◆ Task statement ◆
Search term "High": work out how many lines of the data below contain it, and answer with that number alone.

● ● ● ● ●

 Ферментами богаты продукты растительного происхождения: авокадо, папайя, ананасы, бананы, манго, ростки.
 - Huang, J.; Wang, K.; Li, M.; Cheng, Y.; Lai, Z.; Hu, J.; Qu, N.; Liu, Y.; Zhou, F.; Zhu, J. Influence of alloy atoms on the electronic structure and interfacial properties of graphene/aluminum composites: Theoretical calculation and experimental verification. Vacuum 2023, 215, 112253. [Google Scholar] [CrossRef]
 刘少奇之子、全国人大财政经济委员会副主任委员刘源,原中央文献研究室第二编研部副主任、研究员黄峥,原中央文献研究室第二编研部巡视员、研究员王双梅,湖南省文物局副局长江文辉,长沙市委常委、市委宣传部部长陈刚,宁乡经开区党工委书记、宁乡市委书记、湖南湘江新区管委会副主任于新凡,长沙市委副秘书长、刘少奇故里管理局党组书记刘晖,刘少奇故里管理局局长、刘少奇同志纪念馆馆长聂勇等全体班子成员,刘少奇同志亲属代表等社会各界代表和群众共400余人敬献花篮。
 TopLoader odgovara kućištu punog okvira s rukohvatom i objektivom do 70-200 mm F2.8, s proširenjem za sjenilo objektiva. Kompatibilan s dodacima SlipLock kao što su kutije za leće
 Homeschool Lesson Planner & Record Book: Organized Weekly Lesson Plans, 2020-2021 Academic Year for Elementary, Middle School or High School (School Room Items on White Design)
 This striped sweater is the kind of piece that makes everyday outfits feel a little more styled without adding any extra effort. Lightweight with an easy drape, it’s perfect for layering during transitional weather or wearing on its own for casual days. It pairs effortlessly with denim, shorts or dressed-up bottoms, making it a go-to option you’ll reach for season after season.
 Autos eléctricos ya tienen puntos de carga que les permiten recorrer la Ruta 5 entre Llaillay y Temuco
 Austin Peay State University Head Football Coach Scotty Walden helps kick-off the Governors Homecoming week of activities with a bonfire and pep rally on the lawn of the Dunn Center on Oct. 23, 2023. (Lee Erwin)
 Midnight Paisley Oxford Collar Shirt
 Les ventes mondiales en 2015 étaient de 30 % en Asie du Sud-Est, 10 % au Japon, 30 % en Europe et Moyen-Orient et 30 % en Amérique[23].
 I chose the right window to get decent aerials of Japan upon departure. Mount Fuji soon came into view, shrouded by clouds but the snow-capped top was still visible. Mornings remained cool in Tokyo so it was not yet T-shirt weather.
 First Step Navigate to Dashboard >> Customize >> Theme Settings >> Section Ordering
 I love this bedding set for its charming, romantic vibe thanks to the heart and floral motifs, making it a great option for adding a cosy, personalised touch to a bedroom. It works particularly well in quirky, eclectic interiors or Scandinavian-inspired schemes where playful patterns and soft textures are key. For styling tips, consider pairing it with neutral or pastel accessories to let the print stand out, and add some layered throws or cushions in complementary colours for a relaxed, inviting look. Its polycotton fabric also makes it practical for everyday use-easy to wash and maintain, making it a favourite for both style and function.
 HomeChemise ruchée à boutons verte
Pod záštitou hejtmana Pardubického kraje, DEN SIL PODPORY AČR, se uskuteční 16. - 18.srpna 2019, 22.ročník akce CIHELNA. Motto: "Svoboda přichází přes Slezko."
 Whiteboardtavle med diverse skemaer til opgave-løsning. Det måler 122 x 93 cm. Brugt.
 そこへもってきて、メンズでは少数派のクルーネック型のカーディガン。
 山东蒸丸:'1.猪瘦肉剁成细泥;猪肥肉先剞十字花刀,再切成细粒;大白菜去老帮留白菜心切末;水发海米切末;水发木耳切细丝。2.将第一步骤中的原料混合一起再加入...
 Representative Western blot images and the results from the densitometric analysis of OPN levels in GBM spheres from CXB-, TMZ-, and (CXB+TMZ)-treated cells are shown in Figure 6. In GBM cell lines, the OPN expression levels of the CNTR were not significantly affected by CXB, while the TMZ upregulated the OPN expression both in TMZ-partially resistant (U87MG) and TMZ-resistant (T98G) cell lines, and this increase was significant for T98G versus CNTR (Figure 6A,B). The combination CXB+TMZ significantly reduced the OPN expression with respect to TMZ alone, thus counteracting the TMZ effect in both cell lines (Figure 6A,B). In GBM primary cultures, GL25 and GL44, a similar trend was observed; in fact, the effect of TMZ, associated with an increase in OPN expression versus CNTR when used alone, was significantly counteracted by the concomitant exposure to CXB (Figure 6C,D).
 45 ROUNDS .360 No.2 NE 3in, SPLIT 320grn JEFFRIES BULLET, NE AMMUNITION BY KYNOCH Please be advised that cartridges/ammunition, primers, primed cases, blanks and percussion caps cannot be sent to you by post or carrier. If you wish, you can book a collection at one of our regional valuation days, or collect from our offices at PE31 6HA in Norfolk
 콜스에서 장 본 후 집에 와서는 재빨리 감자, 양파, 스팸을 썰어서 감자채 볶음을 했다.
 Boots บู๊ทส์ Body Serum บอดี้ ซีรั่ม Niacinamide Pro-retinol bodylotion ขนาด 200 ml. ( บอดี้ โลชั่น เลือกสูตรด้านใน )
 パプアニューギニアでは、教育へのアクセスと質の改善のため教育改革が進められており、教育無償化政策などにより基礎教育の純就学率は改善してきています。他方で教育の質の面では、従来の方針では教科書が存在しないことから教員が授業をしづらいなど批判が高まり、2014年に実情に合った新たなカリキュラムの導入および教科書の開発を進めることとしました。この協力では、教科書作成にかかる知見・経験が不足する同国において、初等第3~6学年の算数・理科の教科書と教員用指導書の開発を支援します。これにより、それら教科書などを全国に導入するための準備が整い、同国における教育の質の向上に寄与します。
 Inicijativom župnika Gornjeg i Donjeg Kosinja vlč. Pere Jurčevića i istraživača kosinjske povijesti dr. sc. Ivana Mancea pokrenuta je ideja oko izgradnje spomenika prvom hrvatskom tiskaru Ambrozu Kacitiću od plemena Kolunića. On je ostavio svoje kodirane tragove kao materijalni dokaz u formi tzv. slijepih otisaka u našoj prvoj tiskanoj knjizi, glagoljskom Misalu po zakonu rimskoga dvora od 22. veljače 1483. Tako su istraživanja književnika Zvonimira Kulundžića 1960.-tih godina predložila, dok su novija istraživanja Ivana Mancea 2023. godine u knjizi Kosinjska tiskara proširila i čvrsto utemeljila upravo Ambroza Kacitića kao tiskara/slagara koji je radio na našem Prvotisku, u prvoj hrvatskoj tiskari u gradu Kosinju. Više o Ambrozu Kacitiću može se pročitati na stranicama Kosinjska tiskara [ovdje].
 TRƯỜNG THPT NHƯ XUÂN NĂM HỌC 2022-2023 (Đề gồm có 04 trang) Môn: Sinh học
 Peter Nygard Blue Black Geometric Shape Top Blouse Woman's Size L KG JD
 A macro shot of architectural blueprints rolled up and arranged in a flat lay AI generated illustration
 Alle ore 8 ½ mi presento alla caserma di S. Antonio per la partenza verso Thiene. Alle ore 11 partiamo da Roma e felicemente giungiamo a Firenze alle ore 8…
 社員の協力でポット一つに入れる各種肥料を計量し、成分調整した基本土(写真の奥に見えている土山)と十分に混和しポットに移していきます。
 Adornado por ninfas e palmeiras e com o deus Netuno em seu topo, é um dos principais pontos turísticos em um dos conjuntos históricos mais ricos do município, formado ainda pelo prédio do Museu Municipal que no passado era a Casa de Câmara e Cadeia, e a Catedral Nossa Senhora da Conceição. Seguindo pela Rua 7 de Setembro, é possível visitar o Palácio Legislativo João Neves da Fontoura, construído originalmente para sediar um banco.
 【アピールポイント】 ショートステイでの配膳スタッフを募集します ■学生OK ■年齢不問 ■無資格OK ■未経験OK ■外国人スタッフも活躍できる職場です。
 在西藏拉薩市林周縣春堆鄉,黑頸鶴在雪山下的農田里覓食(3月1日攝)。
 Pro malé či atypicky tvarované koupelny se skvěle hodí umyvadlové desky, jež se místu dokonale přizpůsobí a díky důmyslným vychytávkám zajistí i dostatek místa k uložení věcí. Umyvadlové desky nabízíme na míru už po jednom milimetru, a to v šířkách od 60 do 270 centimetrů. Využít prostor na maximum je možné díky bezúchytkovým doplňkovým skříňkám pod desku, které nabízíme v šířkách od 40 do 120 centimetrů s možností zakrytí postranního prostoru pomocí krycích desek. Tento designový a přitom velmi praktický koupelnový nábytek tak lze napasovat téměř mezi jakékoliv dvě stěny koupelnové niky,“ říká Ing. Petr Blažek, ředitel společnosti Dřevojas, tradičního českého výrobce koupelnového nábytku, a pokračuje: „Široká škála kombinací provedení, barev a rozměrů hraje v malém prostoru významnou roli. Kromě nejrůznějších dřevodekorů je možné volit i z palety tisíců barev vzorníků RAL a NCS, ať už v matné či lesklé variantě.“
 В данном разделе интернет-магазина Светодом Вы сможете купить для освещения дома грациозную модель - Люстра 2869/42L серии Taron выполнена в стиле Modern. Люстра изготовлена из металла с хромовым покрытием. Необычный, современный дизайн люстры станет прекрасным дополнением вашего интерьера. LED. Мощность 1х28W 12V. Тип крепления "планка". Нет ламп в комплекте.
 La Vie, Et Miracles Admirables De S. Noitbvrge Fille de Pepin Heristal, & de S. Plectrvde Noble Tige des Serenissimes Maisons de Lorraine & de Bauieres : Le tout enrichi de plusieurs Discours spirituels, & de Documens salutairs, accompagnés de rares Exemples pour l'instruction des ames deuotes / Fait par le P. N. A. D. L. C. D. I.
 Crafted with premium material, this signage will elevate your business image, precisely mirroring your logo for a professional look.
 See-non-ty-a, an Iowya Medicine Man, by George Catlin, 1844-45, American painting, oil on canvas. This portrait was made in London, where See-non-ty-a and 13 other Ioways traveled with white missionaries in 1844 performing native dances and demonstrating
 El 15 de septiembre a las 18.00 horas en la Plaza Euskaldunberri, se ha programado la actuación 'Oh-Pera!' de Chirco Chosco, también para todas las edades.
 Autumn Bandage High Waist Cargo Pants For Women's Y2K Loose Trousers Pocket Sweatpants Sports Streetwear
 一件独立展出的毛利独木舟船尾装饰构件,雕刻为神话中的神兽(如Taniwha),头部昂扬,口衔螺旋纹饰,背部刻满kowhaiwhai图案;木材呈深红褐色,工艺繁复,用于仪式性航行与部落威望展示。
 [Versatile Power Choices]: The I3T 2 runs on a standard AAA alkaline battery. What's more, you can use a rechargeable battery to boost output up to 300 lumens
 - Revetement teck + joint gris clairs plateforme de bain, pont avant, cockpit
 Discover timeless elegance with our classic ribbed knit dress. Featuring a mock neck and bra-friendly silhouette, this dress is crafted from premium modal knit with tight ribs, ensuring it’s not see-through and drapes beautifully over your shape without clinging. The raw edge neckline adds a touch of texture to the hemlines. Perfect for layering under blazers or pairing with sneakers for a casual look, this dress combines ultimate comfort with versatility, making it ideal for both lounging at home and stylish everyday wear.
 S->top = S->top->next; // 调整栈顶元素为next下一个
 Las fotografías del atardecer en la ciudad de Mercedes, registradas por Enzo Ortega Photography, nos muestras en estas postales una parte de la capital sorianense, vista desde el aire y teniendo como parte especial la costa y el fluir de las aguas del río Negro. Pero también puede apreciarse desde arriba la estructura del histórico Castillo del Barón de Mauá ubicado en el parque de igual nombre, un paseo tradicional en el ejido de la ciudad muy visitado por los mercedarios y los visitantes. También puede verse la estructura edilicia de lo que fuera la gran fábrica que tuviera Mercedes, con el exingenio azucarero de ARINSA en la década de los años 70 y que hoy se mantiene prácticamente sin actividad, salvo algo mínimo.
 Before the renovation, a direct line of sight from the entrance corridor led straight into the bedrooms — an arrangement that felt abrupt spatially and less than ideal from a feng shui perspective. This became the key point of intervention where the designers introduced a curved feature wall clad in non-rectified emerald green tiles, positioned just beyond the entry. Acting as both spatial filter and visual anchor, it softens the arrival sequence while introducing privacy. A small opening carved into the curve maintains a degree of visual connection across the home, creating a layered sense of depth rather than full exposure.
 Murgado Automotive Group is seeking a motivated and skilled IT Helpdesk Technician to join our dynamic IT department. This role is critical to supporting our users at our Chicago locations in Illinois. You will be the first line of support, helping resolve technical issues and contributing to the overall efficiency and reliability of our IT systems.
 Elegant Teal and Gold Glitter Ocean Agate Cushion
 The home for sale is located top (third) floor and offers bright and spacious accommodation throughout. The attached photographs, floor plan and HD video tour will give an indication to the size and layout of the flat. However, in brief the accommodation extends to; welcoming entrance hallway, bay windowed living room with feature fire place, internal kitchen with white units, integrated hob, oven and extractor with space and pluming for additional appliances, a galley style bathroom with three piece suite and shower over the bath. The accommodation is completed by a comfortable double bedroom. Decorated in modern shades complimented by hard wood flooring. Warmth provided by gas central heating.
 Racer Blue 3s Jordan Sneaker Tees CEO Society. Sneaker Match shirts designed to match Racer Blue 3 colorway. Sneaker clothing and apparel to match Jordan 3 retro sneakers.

● ● ● ● ●

◆ Answer ◆
2